Ilsley v. Nichols

29 Mass. 270
CourtMassachusetts Supreme Judicial Court
DecidedApril 15, 1832
StatusPublished
Cited by5 cases

This text of 29 Mass. 270 (Ilsley v. Nichols) is published on Counsel Stack Legal Research, covering Massachusetts Supreme Judicial Court primary law. Counsel Stack provides free access to over 12 million legal documents including statutes, case law, regulations, and constitutions.

Bluebook
Ilsley v. Nichols, 29 Mass. 270 (Mass. 1832).

Opinion

Shaw C. J.

delivered the opinion of the Court. No ques-1 . \ ^on's made of the plaintiff’s right to recover ; but the question turns upon the amount of damages. The defendants, being a deputy sheriff with his assistants, having a writ against the plaintiff, forced the doors of his dwellinghouse and attached his goods. The jury by their verdict distinguish between the damages for breaking and entering the house, and those given for the value of the goods. The defendants contend that though the breaking and entering the plaintiff’s dwellinghouse' was unlawful, yet that the attachment of the goods made by means thereof was valid and lawful, and therefore that the value of the goods ought to be deducted from the damages given by the verdict.

It is remarkable that upon a question of such frequent recurrence in practice, and of so much importance in relation to the service of civil process and the powers and duties of officers therein, no direct judicial authority is to be found. The circumstances to be taken into consideration are, that the goods were in a dwellinghouse, and were attached in consequence of the house being broken open by forcing the outer door, that the direct and avowed purpose of breaking open the house, was to make an attachment, and that this was done against the will and contrary to the express prohibition of the owner. It is clear, from all the authorities, and wholly undisputed as a rule of law, that the act of thus breaking the outer door of a dwellinghouse, is unlawful. The goods were attached in pursuance of a previous design, and through the medium of this unlawful act, and could not have been otherwise attached ; and the question is, whether the attachment was valid, and constituted a legal lien on the goods. Were it not for some very respectable authorities having a different aspect, it would seem from the mere statement of the question, that it must be decided in the negative.

[277]*277In Bacon’s Abridgment and by other respectable compilers, it is stated, that on a capias, or fieri facias, the sheriff is not authorized to break the door of a dwellinghouse, though the execution would be good. Bac. Abr. Sheriff, N. 3. The authorities on the subject are stated with great clearness and fulness, in a note by Mr. Metcalf, the American editor of Yélverton’s Reports, p. 29.

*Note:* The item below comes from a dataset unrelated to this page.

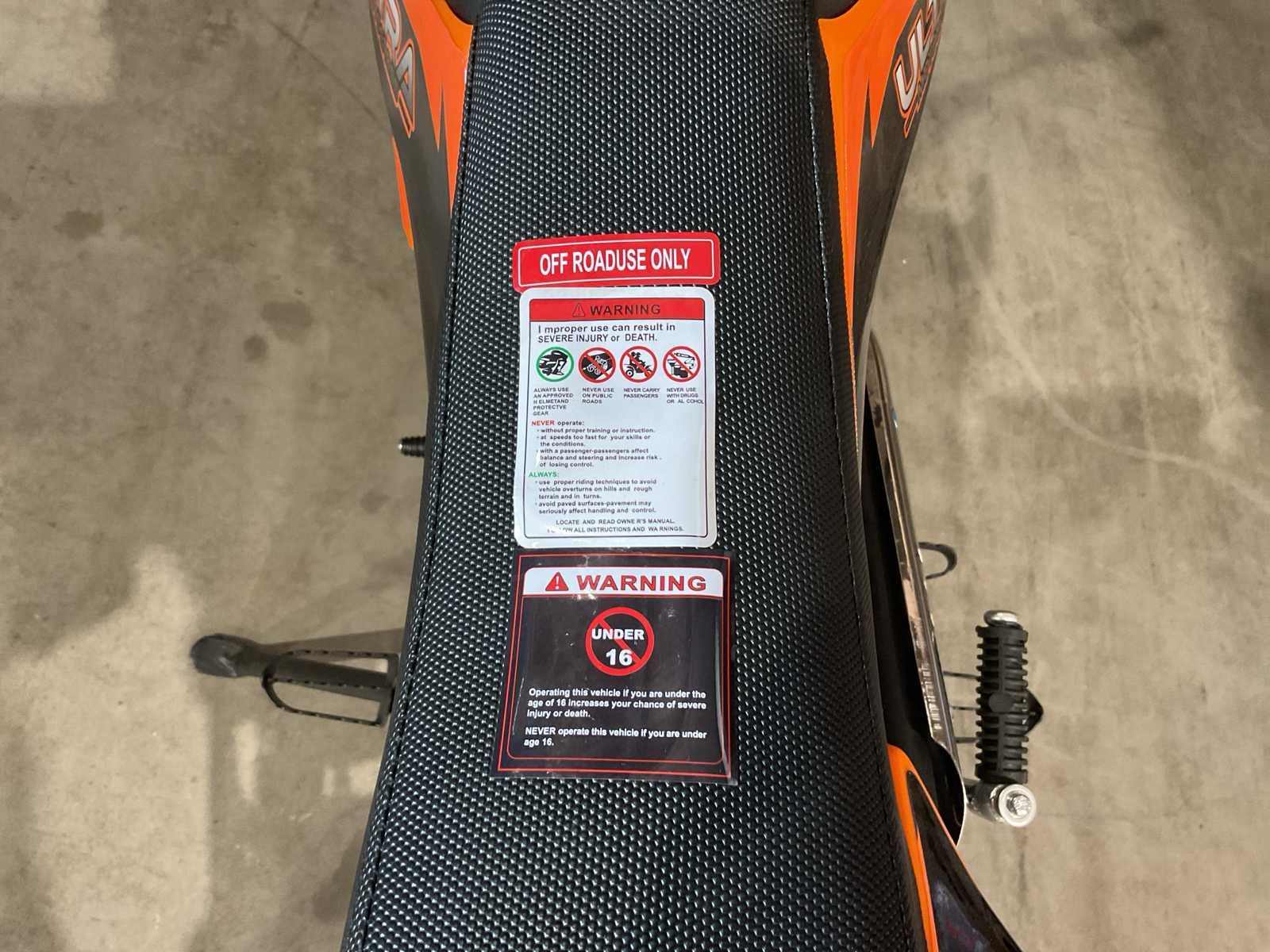 Voorzien van 110cc motor; Manuele koppeling; kickstart; Wiel/velg: V: 90/100-14 (14") A: 70/100-17 (17"); Hydraulische schijfrem; olieschokdemper; Enkele stalen uitlaatpijp; Maximale snelheid: 70 km/u; Ongebruikt in doos (Transport verpakking: 1295 x 375 x 620 mm 75kg) Merk: Ultra Motocross Model: DB001 OR Type: 110CC Cilinderinhoud: 110cc Gewicht: 68kg Kleur: Oranje zwarte zadel Transmissie: Manuele Bouwjaar: 2025
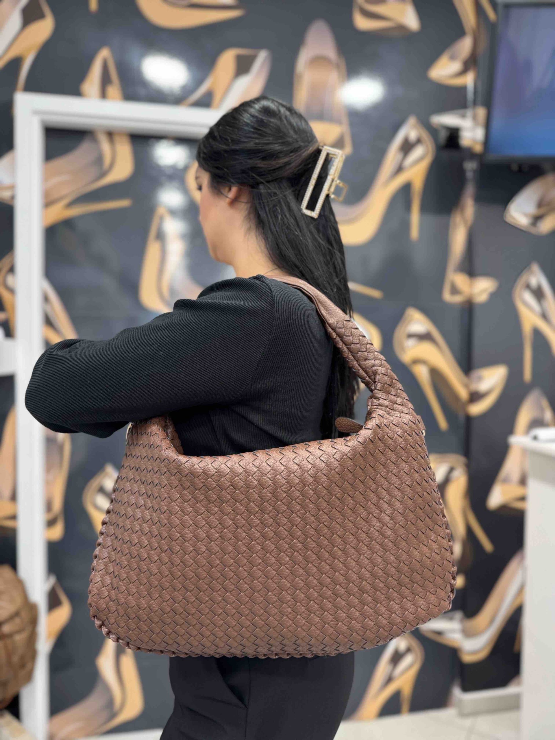 Καφε Τσάντα Ώμου με Πλεκτό Σχέδιο

On a reference to the case in the Year Books, 18 E. 4. /. 4. which is usually cited as the foundation of the supposed rule, we think it is quite manifest, that the real point decided there was, that a sheriff is not justified in breaking a dwelling-house in order to execute a fieri facias, for a fieri facias will not excuse an officer for breaking a dwellinghouse.

Lord Coke, in his report of Semayne’s case, 5 Rep. 93, refers to the same case in the Year Books, and says it was resolved by Littleton and all his companions, “ that the sheriff cannot break the defendant’s house by force of a fieri facias, but he is a trespasser by the breaking, and yet the execution which he then doth in the house is good.” It is obvious from the facts that this point was not raised or decided in Semayne’s case, and it is not mentioned by the other reporters of the same case.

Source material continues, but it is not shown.